At any time the Music House is populated with ten or a dozen keyboard instruments; for this concert the featured instruments were a forty-year old veteran of the Dowd Boston shop, a copy of a double keyboard Pascal Taskin, and a relatively newer instrument, unapologetically a Richard Kingston double in the French style. The Kingston, played by Elaine Funaro, was ranged crossways along a short wall, with the Dowd, played by Beverly Biggs, along the adjoining wall to the right, giving Funaro a clear line of sight to Biggs. Both instruments were in tune and in tune with each other. More importantly, both performers were in tune with each other, or in alignment or in communion, or whatever you please, making this a joyful and powerful performance.
The Dance Suite of 1705 by Gaspard Le Roux began with an Allemande (La Vauvert) with both instruments playing. The Gavotte en rondeau had its movements played in alternatim by the two instruments. This provided the audience with a good opportunity to compare and contrast the two instruments. The suite also includes a pair of minuets and a courante and terminal gigue.

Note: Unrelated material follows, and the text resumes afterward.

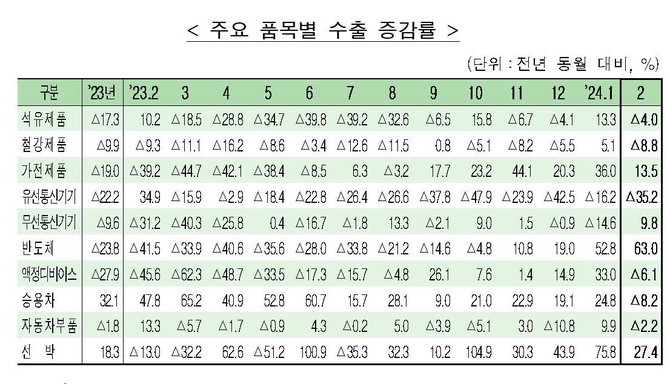 관세청은 2월 수출이 설 연휴로 인한 조업일수 감소(전년대비 -1.5일) 에도 불구하고 5개월 연속 증가했다고 밝혔다.

The performers had compiled their own Suite des Oiseaux: Rameau’s “La Poule” and “Le Rappel des Oiseaux” and Couperin’s “Le Dodo ou L’amur au Berçeau.” Biggs took “La Poule,” registered very conventionally; Funaro chose to play “Le Rappel” on the very nasal four-foot register, one octave down. The contrast could not have been any more charming. Then Bigg’s best solo playing of the concert, “Le Dodo,” very tranquil.

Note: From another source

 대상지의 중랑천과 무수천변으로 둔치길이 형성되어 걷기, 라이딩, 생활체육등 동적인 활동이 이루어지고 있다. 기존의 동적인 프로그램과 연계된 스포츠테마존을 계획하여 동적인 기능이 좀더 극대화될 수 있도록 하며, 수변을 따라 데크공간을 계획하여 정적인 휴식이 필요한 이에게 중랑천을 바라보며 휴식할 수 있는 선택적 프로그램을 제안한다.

A pairing of Louis Couperin’s unmeasured Prelude in D minor with François Couperin’s “L’Imperiale,” from Les Nations, proved very clearly that Funaro and Biggs, both outstanding on their own, made music bigger than the sum of the parts when playing together. Funaro’s canny ability to read the nuances of Biggs’s playing almost before a key was struck made the first movement, Vivement, incredibly clean. This was followed by a fine Légérement. The final Vivement was fugal; what fun to hear and see the subject being passed back and forth between the two players.

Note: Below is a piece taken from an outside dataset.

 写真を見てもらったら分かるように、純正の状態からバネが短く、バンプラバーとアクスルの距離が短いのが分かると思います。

The wine tasting at intermission was notable especially for a McWilliams Cabernet Sauvignon and some delicious herbal mushroom and pastry canapés.
Intermission seemed to have disturbed the invisible rapport between the players, but only for a few measures at the beginning of “La La Poplinière” from Rameau’s Troisième Pièce de Clavecin en Concerts. The second movement, “La Timide” (Rondeau gracieux 1 & 2), was composed for the lower registers, so typically dark and distinctively French. The Tambourin 1 & 2 was very percussive, with impressive teamwork, a foretaste of Mozart’s “Alla Turca”; the double harpsichord sonority required no janissary stop.
To close, Funaro and Biggs tore off a handful of Joseph-Pancrace Royer (c.1705-1755). Biggs played a very gracious interpretation of an Allemande, typically French; the mordant-inflected bass notes were like dark raisins in a wheaten bun. Then forces combined for “La Marche des Scythes” (Scythians), a program piece; like Kuhnau’s Fight between David and Goliath or James Hewitt’s Battle of Trenton, it would have benefited by a superior and supercilious narrator. Somebody’s four-foot stop had by this time gone just the slightest bit out of tune, providing a little extra spice to this spicy composition of angry snarking soldiery. The arpeggios were worthy of Brandenburg V.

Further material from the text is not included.